Book recommendations

NPR had some fabulous book recommendations on this morning. Of those mentioned, here are a few I’m now ready to buy & read:

  • Evolution Man, or How I Ate My Father:
    Human evolution as a kind of domestic situation comedy? Well, Lewis’s yarn–an autobiographical narrative by an ape-man named Ernest–recounts the efforts of Father, the leader and inventive genius, to evolve his tribe into the dominant species–preferably before the end of the Pleistocene. Weary of being terrorized by fierce carnivores with big teeth, Father obtains fire from a nearby volcano and transforms the lives of the tribe. Soon they’re driving bears out of all the best caves, inventing cooking, and taking a break from endless flint-chipping. Then Father, with his eye on social evolution, forces his sons to steal wives from a neighboring tribe. Meanwhile, Uncle Vanya stubbornly refuses to leave the trees and condemns the whole enterprise; Uncle Ian returns from his travels in China, only to fall off an unfortunately unevolved horse and break his neck; and Ernest and his brothers finally lose patience when Father gives away the secret of making fire–they wanted a monopoly. So when Father invents the bow and arrow, thus threatening the jobs of traditional spear hunters, the brothers decide it’s time to get rid of Father.

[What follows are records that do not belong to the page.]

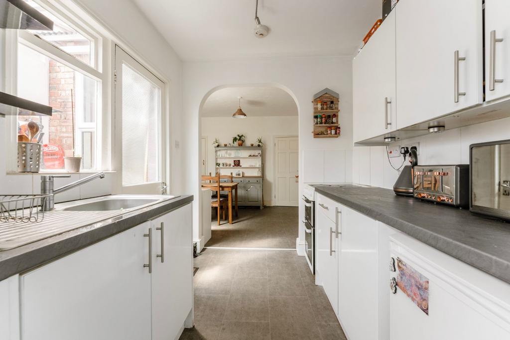 The ground floor comprises two spacious reception rooms – a cosy sitting room with exposed floorboards and an original-style fireplace, and a separate dining room with a second fireplace and storage cupboard. The kitchen opens up from the dining space via a charming archway and is fitted with a range of wall and base units.
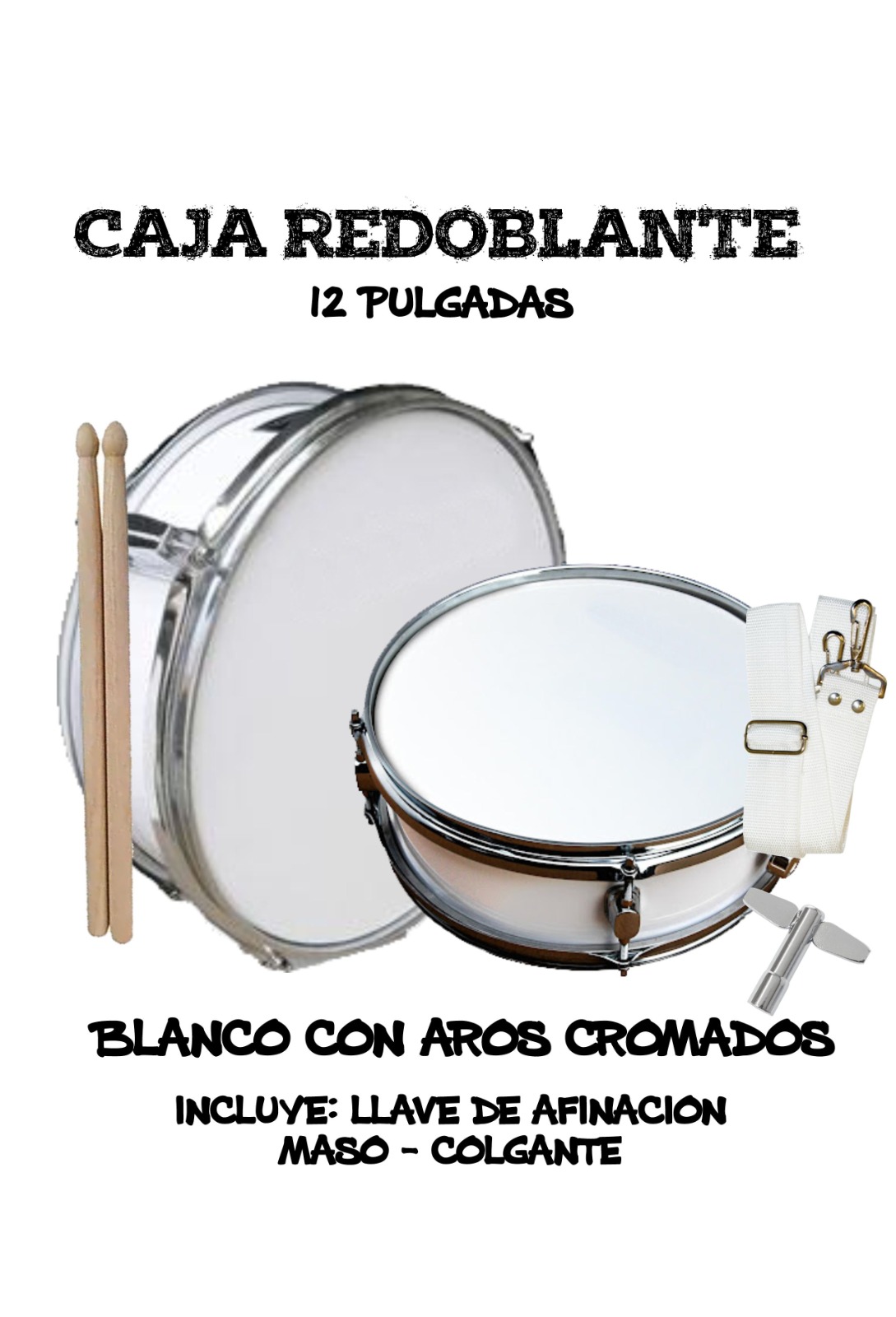 Ideal para principiantes e intermedios, con 6 tensores y terminación cromada. Incluye baquetas, correas de sujeción.
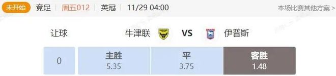 竞足 周五012 英冠 牛津联VS伊普斯
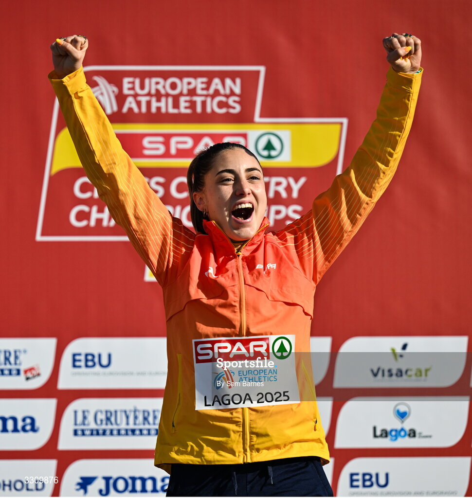 14 December 2025; Maria Forero of Spain after the U23 women's race during the 2025 SPAR European Cross Country Championships in Lagoa, Portugal. Photo by Sam Barnes/Sportsfile
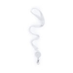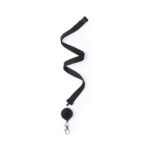 Práctico lanyard en poliéster con accesorio extensible. Accesorio de seguridad en el cuello y accesorio retráctil extensible con clip de ajuste en un lado, dejando el otro lado libre para el logotipado. Mosquetón metálico. Conjunto disponible en colores blanco y negro.
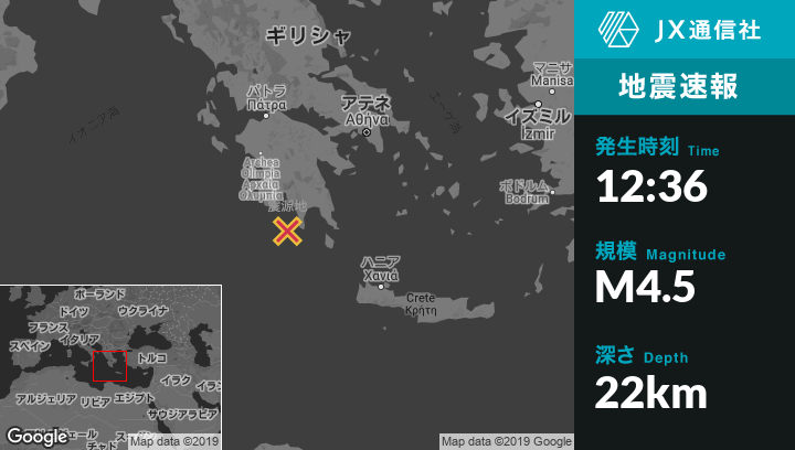 | 震源地 | ギリシャのKoroniから南南東36kmの地点 |
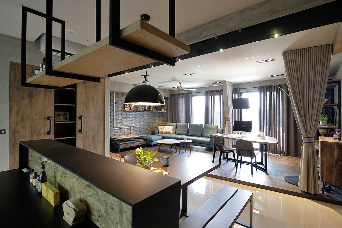 面對理想的工業咖啡之家絕不妥協,室內設計師的精心規劃,選擇咖啡紅豆杉板材、鐵件和文化石等工業元素,並以樂土礦物塗料代替水泥打造風格;以系統傢俱統整收納,堆疊具有迷人咖啡廳氣息的工業住宅。
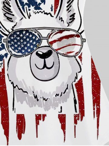 Plus Size Rabbit Patriotic American Flag Print Cami Top (Adjustable Shoulder Strap) - White - M
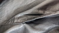 Greg Bell vintage full length leather coat with full length (50 1/4") Fox Fur Trim, fully lined, detailed stitch pattern on front, back & sleeves, full volume sleeves, inset pockets and eye hook closure. 100% Leather/100% Fox Fur. Gently Loved. Like New. Good Condition. There is a scratch on the right side pocket and a small rip at seam on the left side pocket.
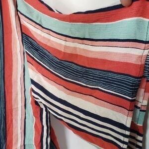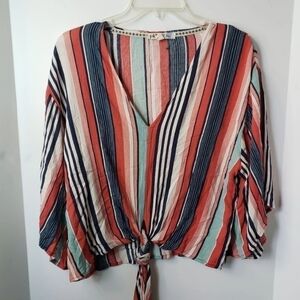 You have a light weight shirt with a tie in the front.The shirt has wide sleeves .{Box3}
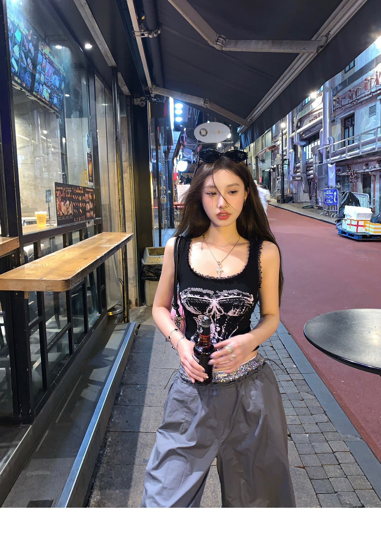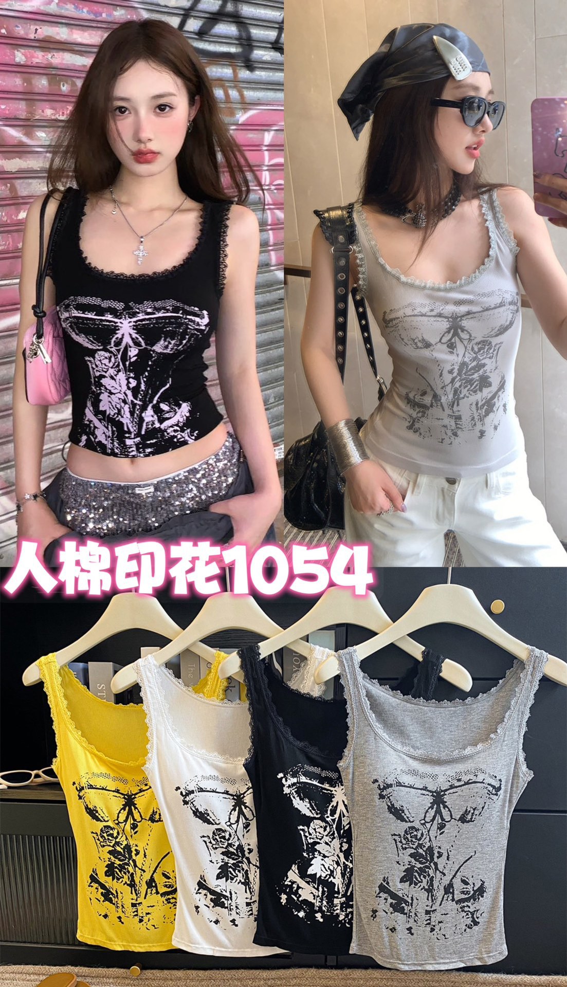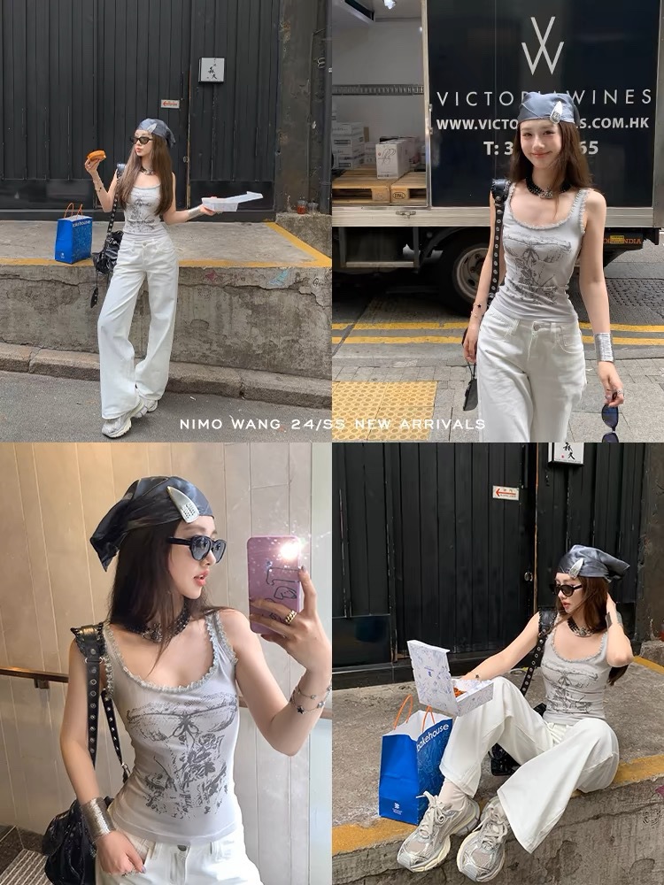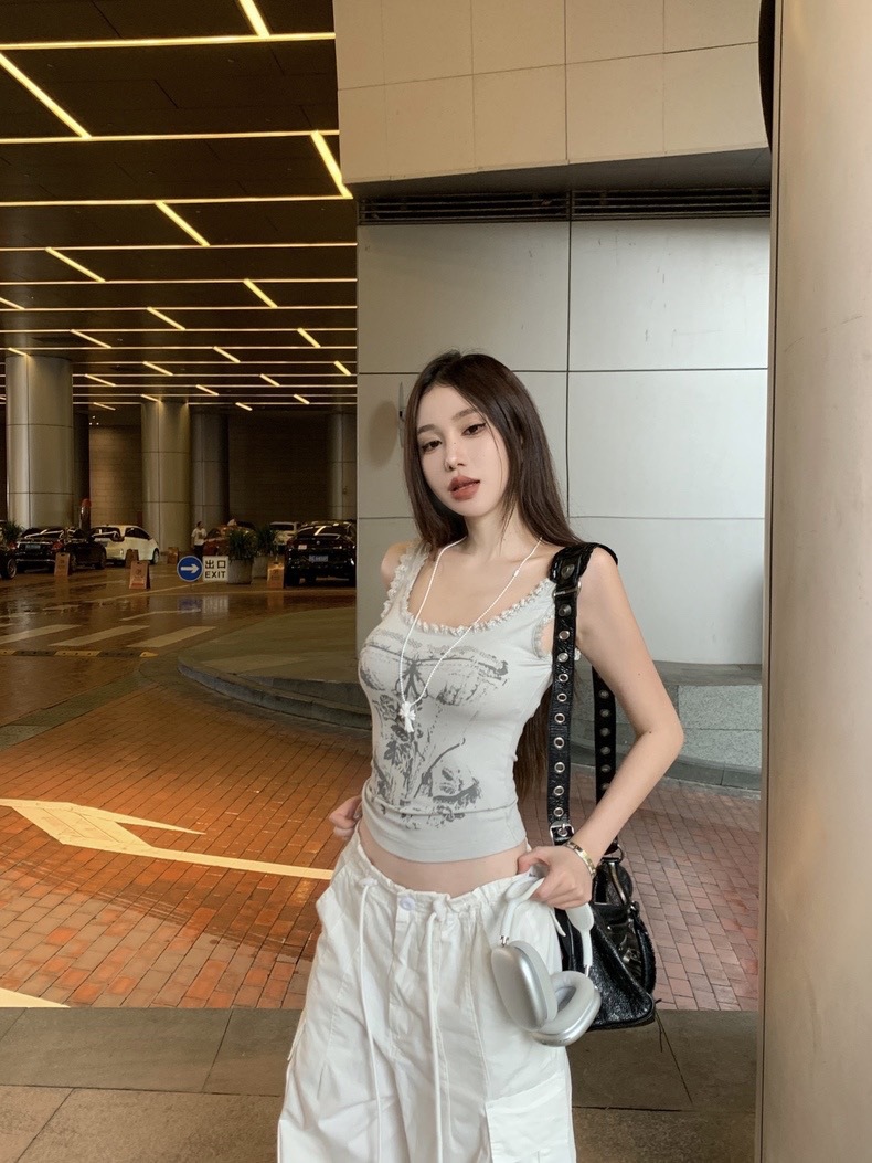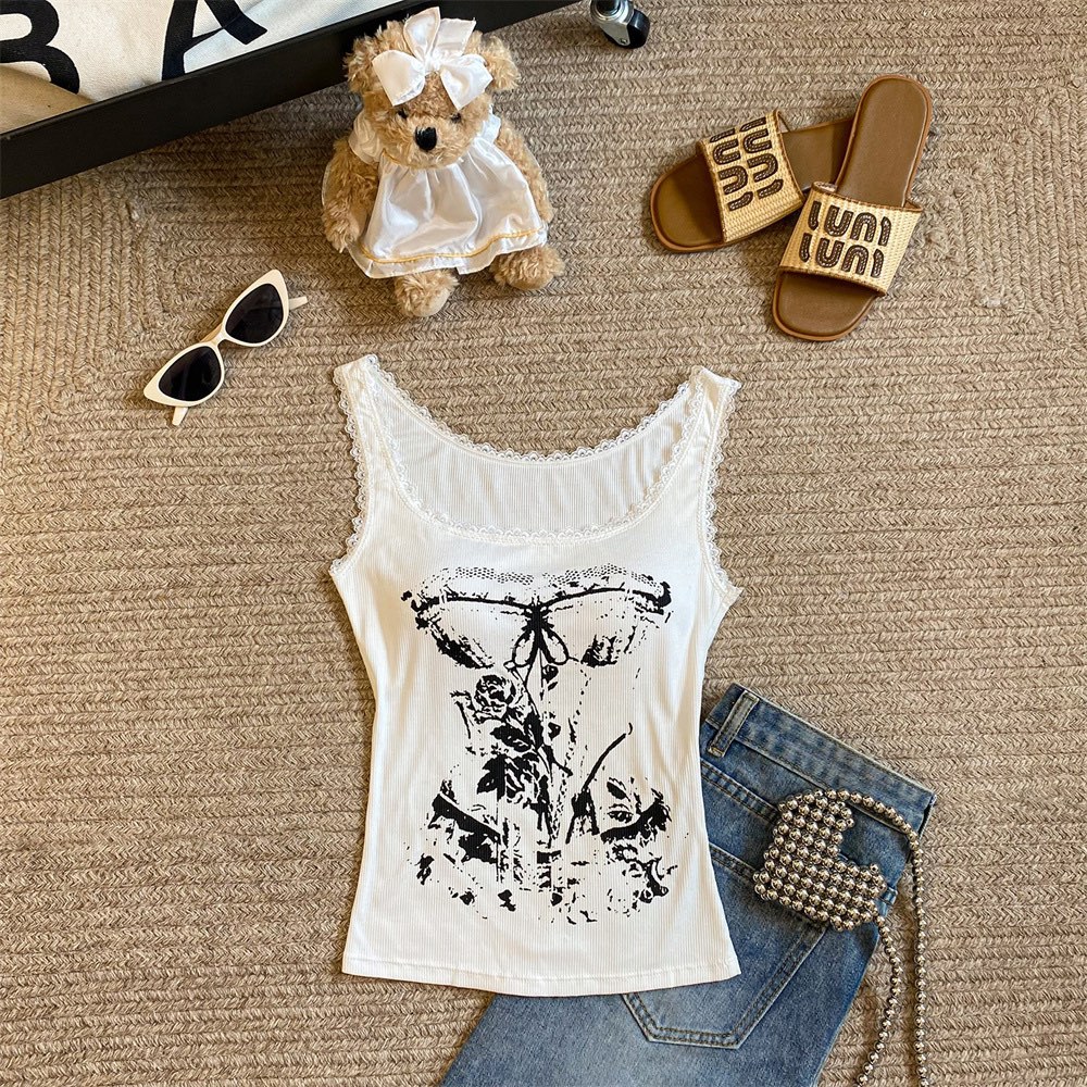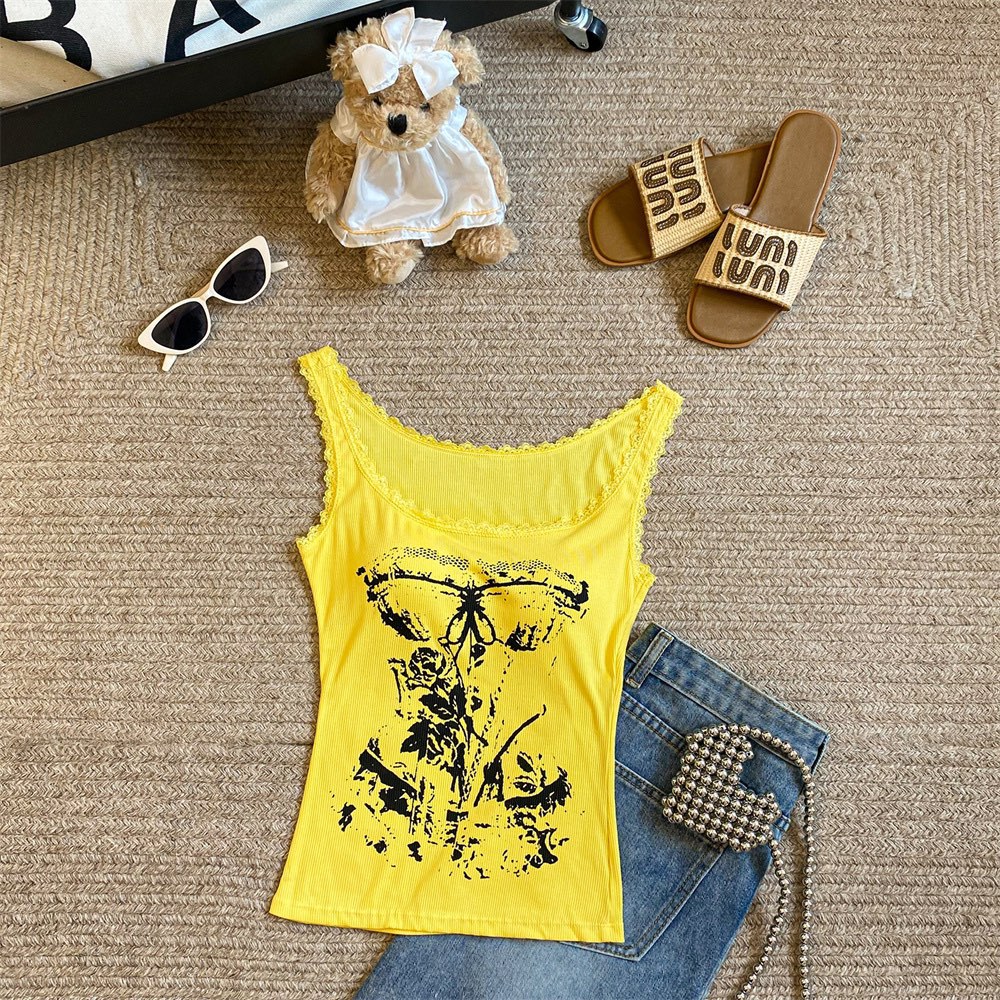 美式甜辣妹吊带背心蕾丝花边个性印花带胸垫内搭紧身外穿无袖上衣 English | 投诉

  • The Bear Went Over the Mountain:
    William Kotzwinkle, the esteemed author of The Fan Man and E.T.: The Extraterrestrial, is in top comic form in this outrageous and uproarious parable featring Hal Jam—a big black bear who finds a manuscript under a tree in the Maine woods, dons a suit and a tie, and heads off to the big city to seek his fame and fortune. What follows is a riotous magical romp with the buoyant Hal Jam as he leaves the quiet, nurturing world of the forest for the glittering and corrupt world of humans. New York and Hollywood and all that lies between serve as an expansive palette for Kotzwinkle’s wickedly funny satiric brush. The Bear Went Over the Mountain skewers our age’s obsession with money and fame in a delicious bedtime story for grown-ups.
  • His Monkey Wife:
    Emily, a chimp, is the only attentive student in Mr. Fatigay’s class in the heart of South Africa. Her desire to learn, gather information, and better herself through knowledge touches the heart of her teacher, and gives Amy Flint-his alluringly hateful fiance-a competitor in the race for the schoolteacher’s hand in marriage. This classic work of biting satire and radiant prose playfully uses this strange courtship to illuminate two abiding kinds of souls, the faithful and the unfaithful, and shows how man’s soul deepens in the presence of love.
  • A Girl Named Zippy:
    It’s a clich‚ to say that a good memoir reads like a well-crafted work of fiction, but Kimmel’s smooth, impeccably humorous prose evokes her childhood as vividly as any novel. Born in 1965, she grew up in Mooreland, Ind., a place that by some “mysterious and powerful mathematical principle” perpetually retains a population of 300, a place where there’s no point learning the street names because it’s just as easy to say, “We live at the four-way stop sign.” Hers is less a formal autobiography than a collection of vignettes comprising the things a small child would remember: sick birds, a new bike, reading comics at the drugstore, the mean old lady down the street. The truths of childhood are rendered in lush yet simple prose; here’s Zippy describing a friend who hates wearing girls’ clothes: “Julie in a dress was like the rest of us in quicksand.” Over and over, we encounter pearls of third-grade wisdom revealed in a child’s assured voice: “There are a finite number of times one can safely climb the same tree in a single day”; or, regarding Jesus, “Everyone around me was flat-out in love with him, and who wouldn’t be? He was good with animals, he loved his mother, and he wasn’t afraid of blind people.” (Mar.)